For those expecting a day of either hand wringing or high fives among the industry, Friday’s release of the new royalty plan for Alberta’s energy producers instead brought shrugs.

Months of angst over whether Alberta’s NDP government would “modernize” the industry right out of business – so hellbent was the province on updating how it extracts its “fair share” of revenues from the resource sector – have all been for naught. The royalty review is titled, “Alberta At A Crossroads,” and for all intents and purposes, the government is choosing to stick to the road most recently traveled.

Very little will change when the new royalty structure takes effect in 2017. Since day one, the Rachel Notley government has openly lamented the province’s reliance on oil revenues and emphasized diversifying Alberta’s economy instead. And since day one, critics have accused the Notley government of harboring hostility towards the energy sector, and many predicted this review would amount to a ransacking of resource company coffers, spiking the rents on oil producers to enrich a heavily indebted provincial government. Yet, what those critics appeared to overlook is that any hike in royalties would only have left the government more reliant on oil and gas revenues, not less.

Clearly that wasn’t the plan of the Notley government, and today’s review proves that. The province’s overall take under the new regime will remain essentially unchanged for years to come, until average well costs drop significantly, and oil prices and cost-efficiencies increase. A new flat royalty rate of five percent will be extracted from each new oil and gas well until the cumulative revenues from the well equal that year’s average drilling and completion cost allowance. That will incentivize companies to lower their production costs on new wells in an effort to remain under or close to the average, according to the panel report. The existing royalty structure bases its take instead largely on barrel counts from the well, which could be either a blessing or a curse depending on where oil prices are. Existing wells will still be charged under the current royalty system for at least 10 years.

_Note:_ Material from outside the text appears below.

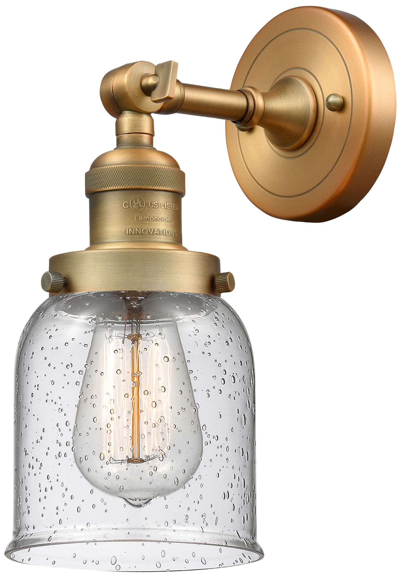 Franklin Restoration Small Bell 5" Brushed Brass Sconce w/ Seedy Shade

For the oil sands, there will be no change to the existing regime of a one-percent to nine-percent royalty rate for new projects in the pre-payout phase, and 25 to 40 percent for those in the post-payout phase. Encouraging more transparency among big oil sands producers is also a goal of the review, which cites “anecdotal evidence” that “oil sands operators push the boundaries when it comes to costs, and that the province has not enforced the rules with the ‘iron fist’ that Albertans might expect.” It remains unclear how the government will foster a greater relationship of trust among rival oil sands companies, but mandating honest annual cost reporting to the government is one area the review emphasizes.

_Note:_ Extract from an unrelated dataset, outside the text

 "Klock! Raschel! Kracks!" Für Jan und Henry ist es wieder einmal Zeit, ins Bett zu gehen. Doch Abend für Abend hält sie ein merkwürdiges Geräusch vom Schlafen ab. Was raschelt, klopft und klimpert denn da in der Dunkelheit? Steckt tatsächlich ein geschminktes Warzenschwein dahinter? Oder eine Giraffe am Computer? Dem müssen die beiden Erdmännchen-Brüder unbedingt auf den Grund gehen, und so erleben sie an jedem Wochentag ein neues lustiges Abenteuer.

Premier Notley described Alberta’s energy industry today as in an “existential” crisis, partially caused by high Middle Eastern oil production, but primarily caused by the U.S. “Our big challenges include more than just Saudi Arabia’s desire to flood the market with cheap oil. Our biggest challenge,” Notley said, “is that our largest market is becoming our largest competitor. And that competitor has a lower cost structure that delivers greater net revenues for their public and their industry to share.”

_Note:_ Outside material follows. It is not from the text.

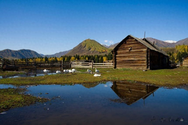 禾木村周边是原始森林。冬天,马是唯一交通工具。骑在马背上,马夫牵着缰绳,慢悠悠进山。雪没过马膝,呼哧呼哧喘着白气。树林里偶尔看见一串脚印,马夫说是狐狸的。顺着脚印走,也许能看见火红的狐狸在雪地里一闪而过。

This review won’t do much to lower overhead costs for Alberta’s producers – most were already laser-focused on doing that anyway. The most important takeaway for the industry is that this is a stable regime, if not really a different regime. The most important thing for the Alberta NDP government is that, while this is may not be a different regime, it is at least theirregime. For everyone else, the most important thing about this review is that it’s over.